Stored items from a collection
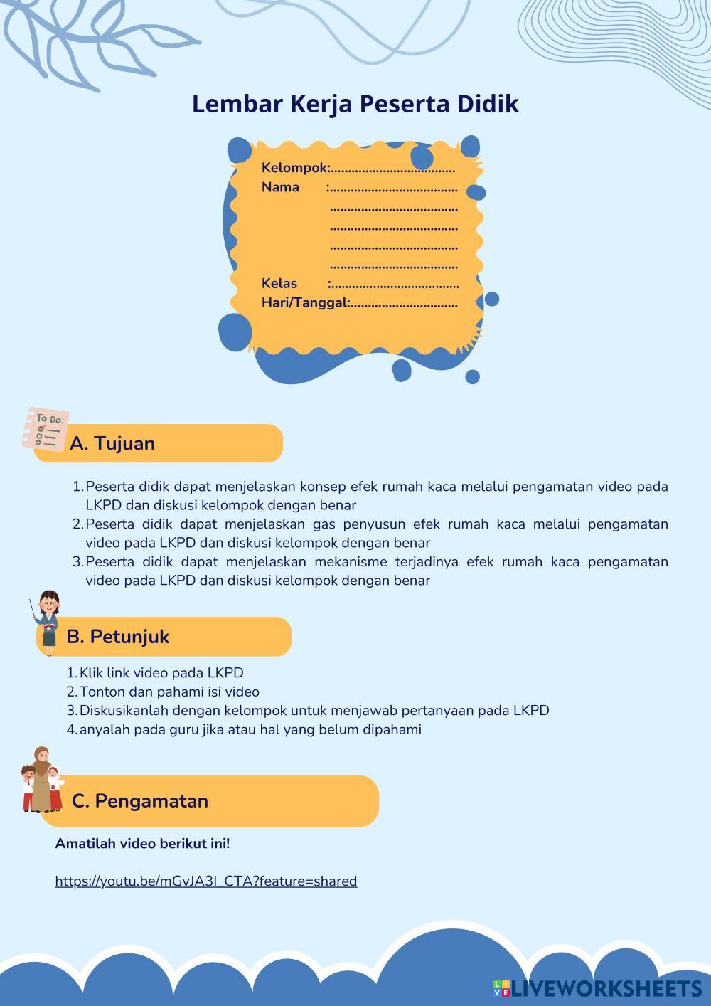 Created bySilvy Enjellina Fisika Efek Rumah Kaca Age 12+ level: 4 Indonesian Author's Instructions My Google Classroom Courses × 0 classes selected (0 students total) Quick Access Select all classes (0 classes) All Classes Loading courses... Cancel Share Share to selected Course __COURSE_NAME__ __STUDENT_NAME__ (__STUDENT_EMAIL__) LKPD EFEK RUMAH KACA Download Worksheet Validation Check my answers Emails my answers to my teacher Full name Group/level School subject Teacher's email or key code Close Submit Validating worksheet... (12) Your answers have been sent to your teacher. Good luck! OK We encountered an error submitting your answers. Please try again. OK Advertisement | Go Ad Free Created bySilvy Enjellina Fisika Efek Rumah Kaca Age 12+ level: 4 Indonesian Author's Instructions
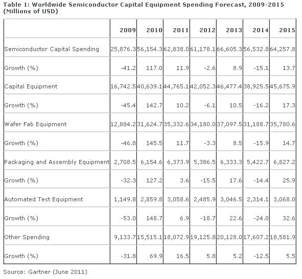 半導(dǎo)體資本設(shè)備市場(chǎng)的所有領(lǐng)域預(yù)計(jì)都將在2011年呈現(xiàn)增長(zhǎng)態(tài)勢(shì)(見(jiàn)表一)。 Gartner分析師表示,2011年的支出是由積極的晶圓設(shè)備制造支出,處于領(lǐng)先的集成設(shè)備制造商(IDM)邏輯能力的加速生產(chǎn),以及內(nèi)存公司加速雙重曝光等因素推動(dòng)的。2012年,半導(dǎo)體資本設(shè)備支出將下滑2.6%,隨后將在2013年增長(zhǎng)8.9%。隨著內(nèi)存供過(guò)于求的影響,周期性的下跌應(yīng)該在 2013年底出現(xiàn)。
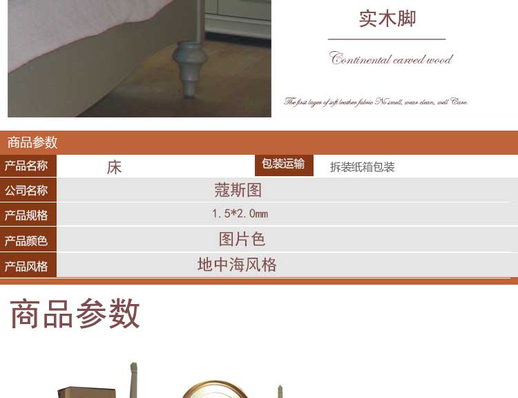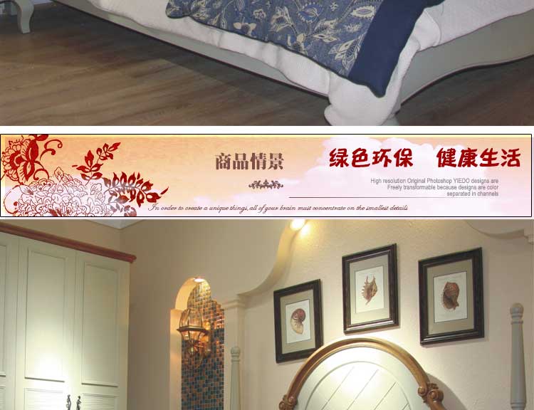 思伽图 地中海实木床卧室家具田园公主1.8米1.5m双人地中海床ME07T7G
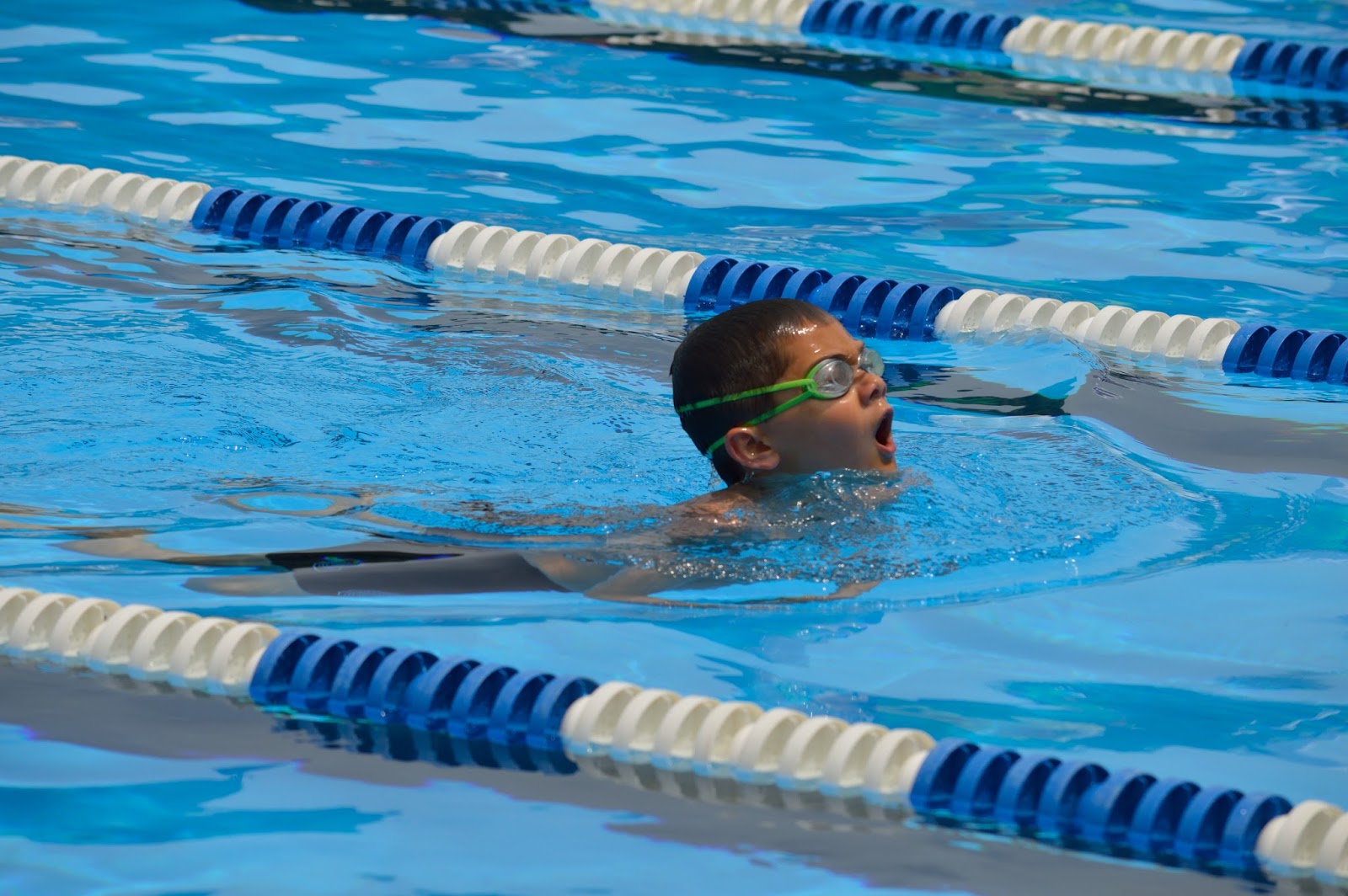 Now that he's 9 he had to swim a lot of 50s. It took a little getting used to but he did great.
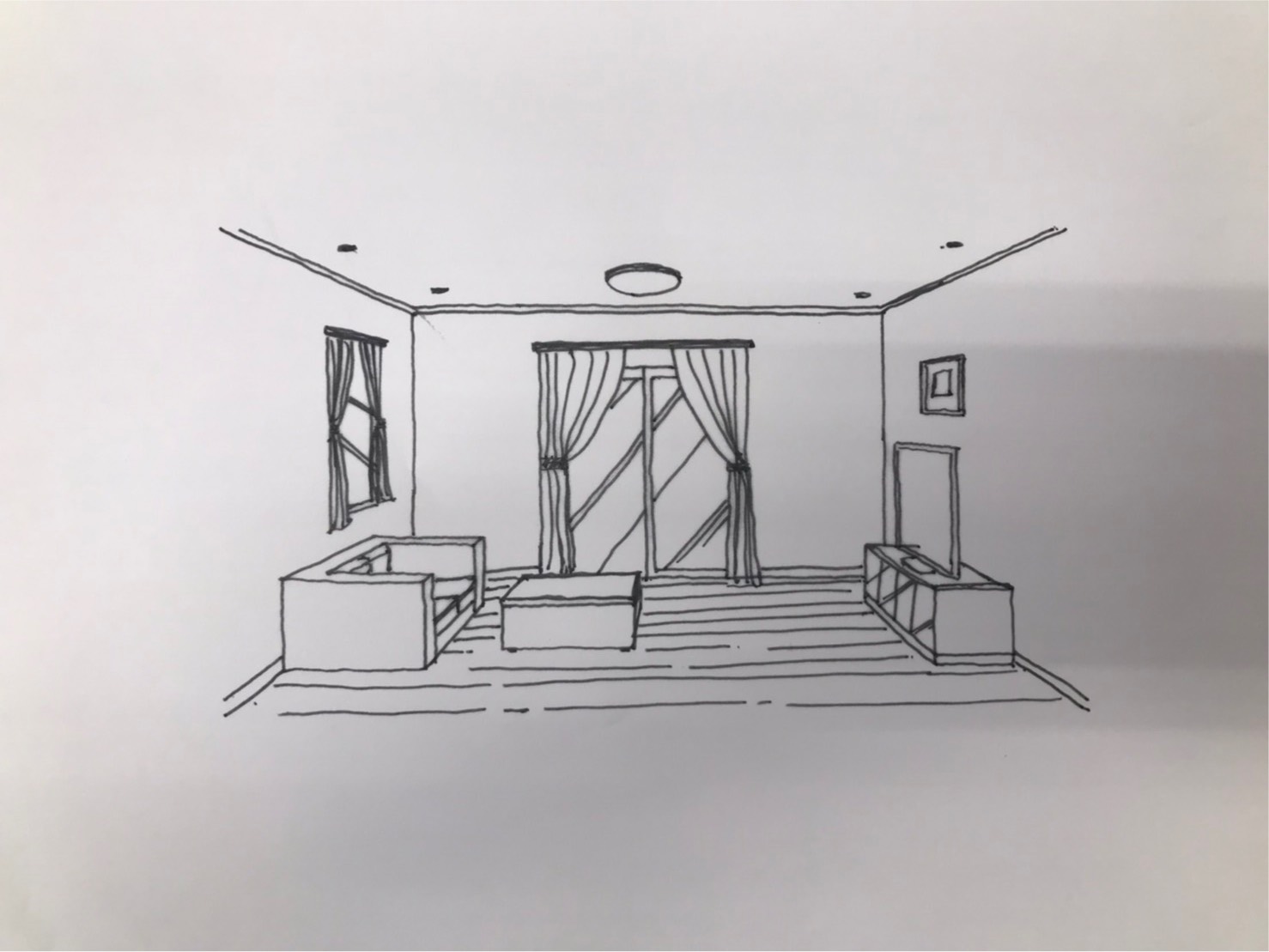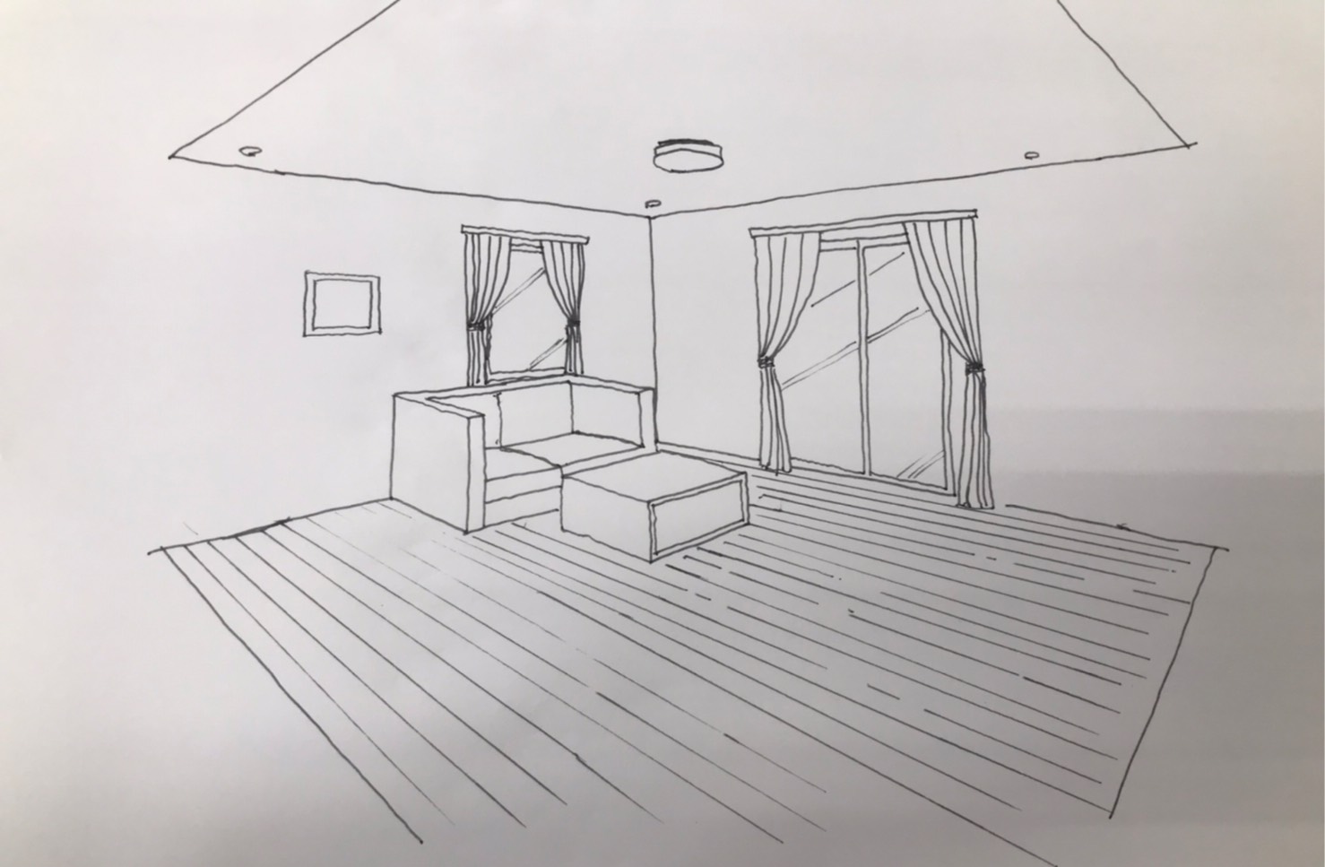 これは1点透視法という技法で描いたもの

EXERCISE REQUIREMENTS: Repeat only the lines from the one with "Now that he's" through the end of the data, both included and exactly as written. Pictures stay out of the copy.

EXPECTED ANSWER:
 Now that he's 9 he had to swim a lot of 50s. It took a little getting used to but he did great.
 これは1点透視法という技法で描いたもの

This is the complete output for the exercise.